(Source information)
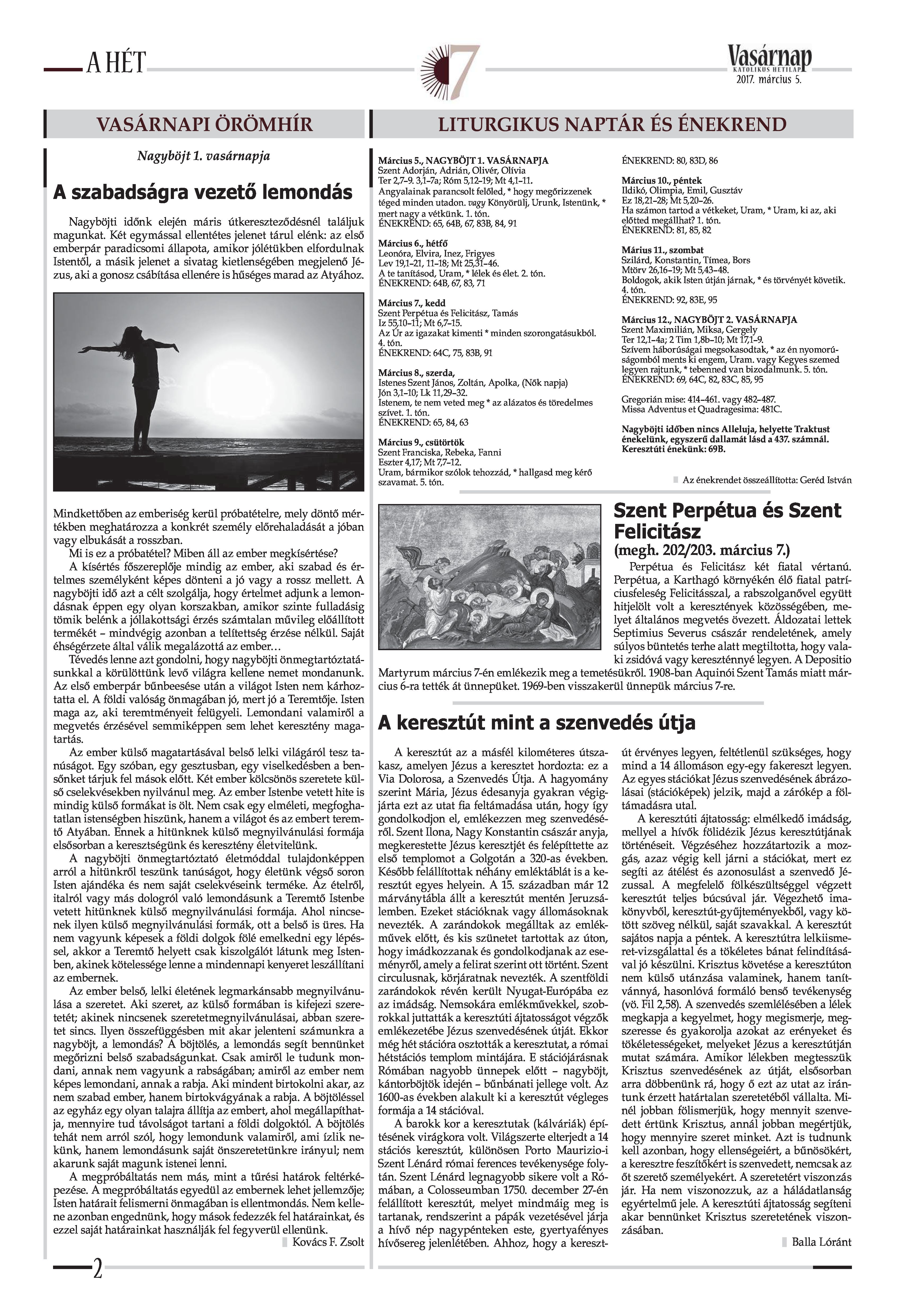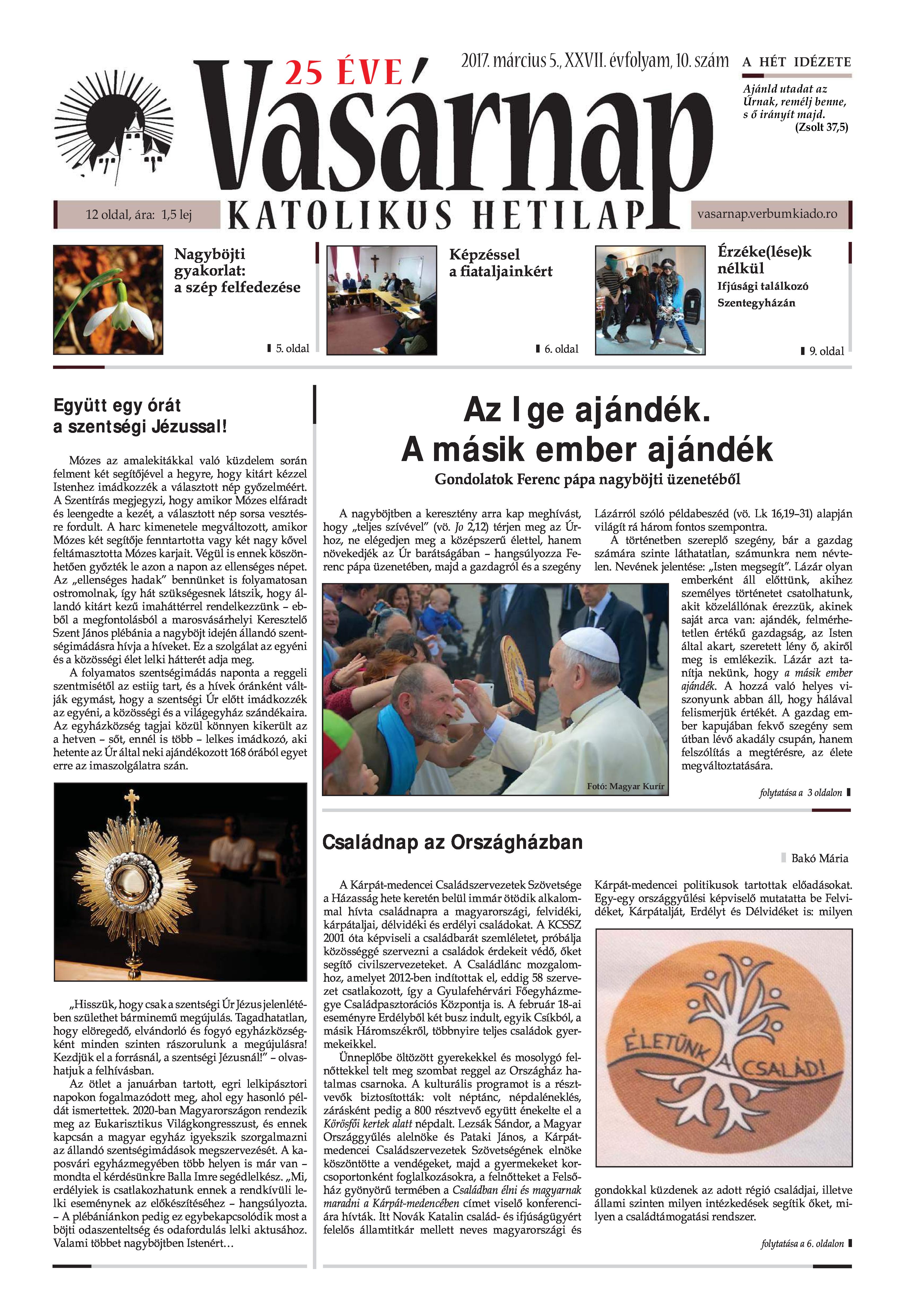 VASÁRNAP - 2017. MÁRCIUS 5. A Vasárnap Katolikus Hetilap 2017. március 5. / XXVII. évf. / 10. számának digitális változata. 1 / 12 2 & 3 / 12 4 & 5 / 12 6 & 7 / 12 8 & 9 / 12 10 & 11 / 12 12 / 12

--

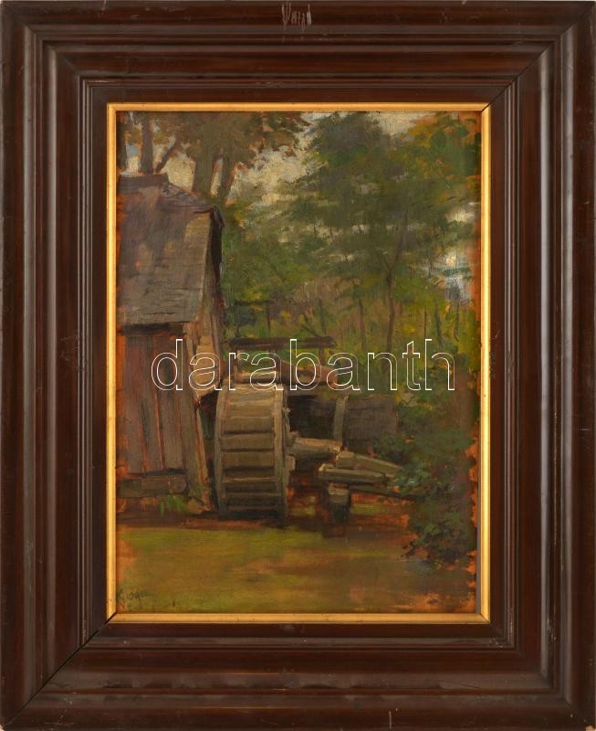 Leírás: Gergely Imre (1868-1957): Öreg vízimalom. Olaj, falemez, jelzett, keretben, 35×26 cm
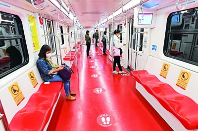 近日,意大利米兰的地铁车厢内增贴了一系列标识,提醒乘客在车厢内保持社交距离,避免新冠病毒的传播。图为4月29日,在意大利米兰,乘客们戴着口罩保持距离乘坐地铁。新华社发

(What the exercise asks) Copy the lines above exactly, starting at the one with "Leírás: Gergely Imre" and ending at the one with "近日,意大利米兰的地铁车厢内", both included. Leave out any pictures and add nothing else.

(Solved problem)
 Leírás: Gergely Imre (1868-1957): Öreg vízimalom. Olaj, falemez, jelzett, keretben, 35×26 cm
 近日,意大利米兰的地铁车厢内增贴了一系列标识,提醒乘客在车厢内保持社交距离,避免新冠病毒的传播。图为4月29日,在意大利米兰,乘客们戴着口罩保持距离乘坐地铁。新华社发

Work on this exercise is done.